Yon-suk lunges at Seok-woo, the two men wrestling to the ground. In a desperate attempt to help, Seong-kyeong uses her purse to wrangle the infected Yon-suk off of Seok-woo, only to have him turn and change his focus to her and the little girl. Without thinking of the consequences, Seok-woo leaps up and covers Yon-suk's mouth with his hand, immediately getting bitten.

In that instant, your heart stops. Suddenly, the true horror of the scene sinks in. It's not a jump scare, it isn't about the zombies, and it isn't about being eaten. It's the dread. An all-consuming sense of doom and fear that washes over every character left alive.

Su-an immediately recognizes that her father is going to die. He's going to leave her alone, and she's petrified. She doesn't want to lose him, and there's nothing she can do to change things. She can't try harder to get his attention, she can't tell him how important her school recital is. Nothing will fix this.

Seong-kyeong has just had to watch her husband die in a similarly horrific incident. It felt safe to not be completely alone. But now she will be while struggling to keep her unborn child alive.

And Seok-woo. All this time, with so many near-death experiences, he's had the terrified look of dread in his eyes at the prospect of not being able to protect Su-an. To make sure she's okay and taken care of. He has seconds left before he has to throw himself from the train, listening to his daughter scream "please don't leave me!" How do you explain this to a child? How do you make her understand that, no matter how much you love her, you can't change this?

She pleads and screams for him to come with them — "don't go!" — as he runs sobbing from the engine room to the back of the car. Seong-kyeong has to hold Su-an to keep her from running after him, her screams echoing over the music. And his last thoughts are of her. Only her. Su-an as a newborn infant, safe in his arms. Her tiny feet. Her eyes closed softly, sleeping soundly.

And then, with a smile on his face, he lets go.

The Impact (Matt's Take)

You know what? We should popularize the term "dread scare" as much as we use "jump scare." Neither are cursed genre restrictions. They're both pillars underneath the platform of horror cinema. Everyone understands the value of a jump scare when our hearts race, adrenaline spikes, and we leap in our cushioned seats (bless padding) because Mr. Scary Monster Man lunges towards the camera — but the art of a jump scare is immediate and over in a flash. A dread scare is something like Ariel just described. A far more affecting horror artform that lingers with audiences long after devastation occurs and sustains an existential sense of terror that gnaws at our vulnerability like a fly returning to a rotten feast over and over, undeterrable and incessant.

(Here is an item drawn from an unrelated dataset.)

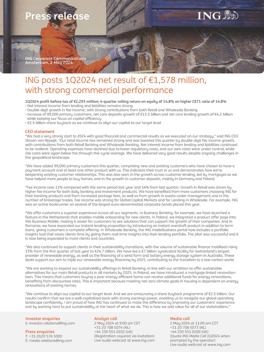Press release ING Corporate Communications Amsterdam, 2 May 2024 ING posts 1Q2024 net result of €1,578 million, with strong commercial performance 1Q2024 profit before tax of €2,293 million; 4 - quarter rolling return on equity of 14.8% on higher CET1 ratio of 14.8% • Net interest income from lending and liabilities remains strong • Double - digit growth in fee income, with strong contributions from both Retail and Wholesale Banking • Increase of 99,000 primary customers, net core deposits growth of €13.5 billion and net core lending growth of €4.2 billion while keeping our focus on capital efficiency • €2.5 billion share buyback as we continue to align our capital to our target level CEO statement “We had a very strong start to 2024 with good financial and commercial results as we executed on our strategy,” said ING CEO Steven van Rijswijk. “Our total income has remained strong and was boosted this quarter by double - digit fee income growth, with contributions from both Retail Banking and Wholesale Banking. Net interest income from lending and liabilities continued to be resilient. Operating expenses have declined due to lower regulatory costs, and our own costs were under control, while risk costs were again below the through - the - cycle - average. We have delivered very good results despite ongoing challenges in the geopolitical landscape. “We have added 99,000 primary customers this quarter, comprising new and existing customers who have chosen to have a payment account and at least one other product with us. This indicates their trust in us and demonstrates how we’re deepening existing customer relationships. This was also seen in the growth across customer lending, led by mortgages as we have helped more people to buy homes, and in the growth in customer deposits, mainly in Germany and Poland. “Fee income rose 11% compared with the same period last year and 14% from last quarter. Growth in Retail was driven by higher fee income for both daily banking and investment products. We have benefited from more customers choosing ING for their banking products and from increased package fees, as well as from growth in assets under management and in the number of brokerage trades. Fee income was strong for Global Capital Markets and for Lending in Wholesale. For example, ING was an active bookrunner on several of the largest euro - denominated corporate bonds placed this year. “We offer customers a superior experience across all our segments. In Business Banking, for example, we have launched a feature in the Netherlands that enables mobile onboarding for new clients. In Poland, we integrated a product offer page into ING Business Mobile, making it easier for customers to see solutions that can support the growth of their companies. And in Romania, we have expanded our instant lending proposition by introducing an instant overdraft product in addition to term loans, giving customers a complete offering. In Wholesale Banking, the ING InsideBusiness portal now includes a portfolio insights tool that saves clients time by giving them real - time insights into their lending portfolio. The pilot was successful and it is now being expanded to more clients and countries. “We also continued to support clients in their sustainability transitions, with the volume of sustainable finance mobilised rising 13% from the first quarter of last year to €24.7 billion. We have led a €7 billion syndicated facility for Switzerland’s largest provider of renewable energy, as well as the financing of a wind farm and battery energy storage system in Australia. These deals support our aim to triple our renewable energy financing by 2025, contributing to the transition to a low - carbon world. “We are working to expand our sustainability offerings in Retail Banking, in line with our ambition to offer sustainable alternatives for our main Retail products in all markets by 2025. In Poland, we have introduced a mortgage - linked renovation loan. This means that customers buying a poor energy - efficient home can receive additional funds for energy renovations, benefiting from discounted rates. This is important because meeting net - zero climate goals in housing is dependent on energy renovations of existing homes. “We continue to align our capital to our target level . And we are announcing a share buyback programme of € 2 . 5 billion . Our results confirm that we are a well - capitalised bank with strong earnings power, enabling us to navigate our global operating landscape confidently . I am proud of how ING has continued to make the difference by improving our customers’ experience and by working hard to put sustainability at the heart of what we do . This is how we add value for all of our stakeholders . ” Investor enquiries E: investor.relations@ing.com Press enquiries T: +31 (0)20 576 5000 E: media.relations@ing.com Analyst call 2 May 2024 at 9:00 am CET +31 20 708 5074 (NL) +44 330 551 0202 (UK) (Registration required via invitation) Live audio webcast at www.ing.com Media call 2 May 2024 at 11:00 am CET +31 20 708 5073 (NL) +44 330 551 0200 (UK) (Quote ING Media Call 1Q2024 when prompted by the operator) Live audio webcast at www.ing.com

Ariel highlights in "Train To Busan" a tremendous dread scare, because the moment Seok-woo is bitten, everything flashes before our eyes. A father making the ultimate sacrifice. The daughter left parentless and with a caretaker. The rushing sensation of finality. The despicable cruelty that is Seok-woo's continual brushes with death only to fall victim at the finish line. These are the dreadful larva that hatch days, weeks, years after you've watched whatever movie — eternal terrors that plague humankind. The sight of Seok-woo's bitten hand is a specter that lingers through multiple sleepless nights.

That's the hangup, isn't it? What's scary to some ain't doodie to others. 

"Train To Busan" contains a few nasty traditional haunts, yet Ariel chose this somber sendoff. Does that negate Ariel's vulnerability in revealing her innermost fears? No. Are others wrong for choosing the zombie bumrush or another alternate scene? Also no. The horror genre is an inviting space where fans can be themselves and learn from others, based solely on what singular viewers choose as the scariest scene in any movie. We'd be moronic to fight over whose paranoias and anxieties are "right" when the conversation should be an open dialogue about the representation of all our tormentors, and how we can conquer them together.